Input data Start Marker

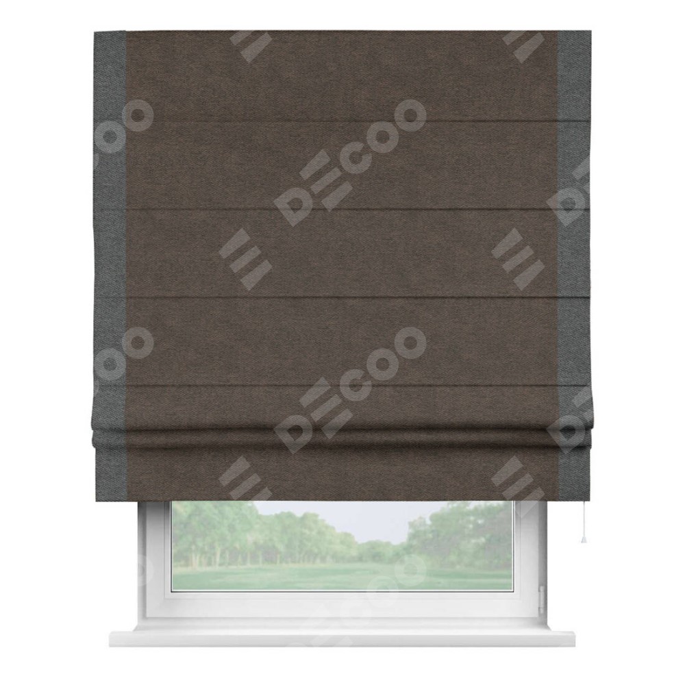 Римская штора «Кортин» для проема, твид блэкаут тёмно-коричневый, с кантом Стрим Дуо
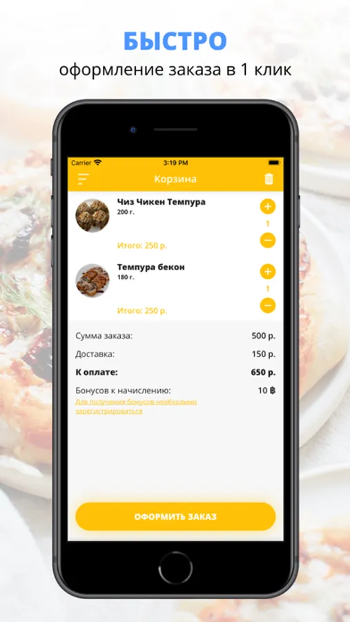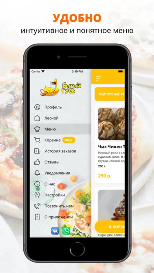 Скачивайте наше приложение, оформляйте заказ и наслаждайтесь любимой едой, где бы Вы ни были! Приятного аппетита!
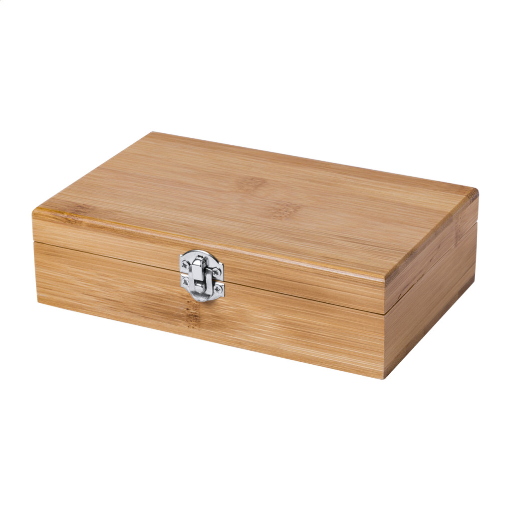 Bambusz boros szett dugóhúzóval, cseppőrrel és záródugóval bambusz dobozban.

Input data End Marker

#### What is required:
Nothing but an exact copy of the data, without pictures, should be returned.

#### Finished exercise:
 Римская штора «Кортин» для проема, твид блэкаут тёмно-коричневый, с кантом Стрим Дуо
 Скачивайте наше приложение, оформляйте заказ и наслаждайтесь любимой едой, где бы Вы ни были! Приятного аппетита!
 Bambusz boros szett dugóhúzóval, cseppőrrel és záródugóval bambusz dobozban.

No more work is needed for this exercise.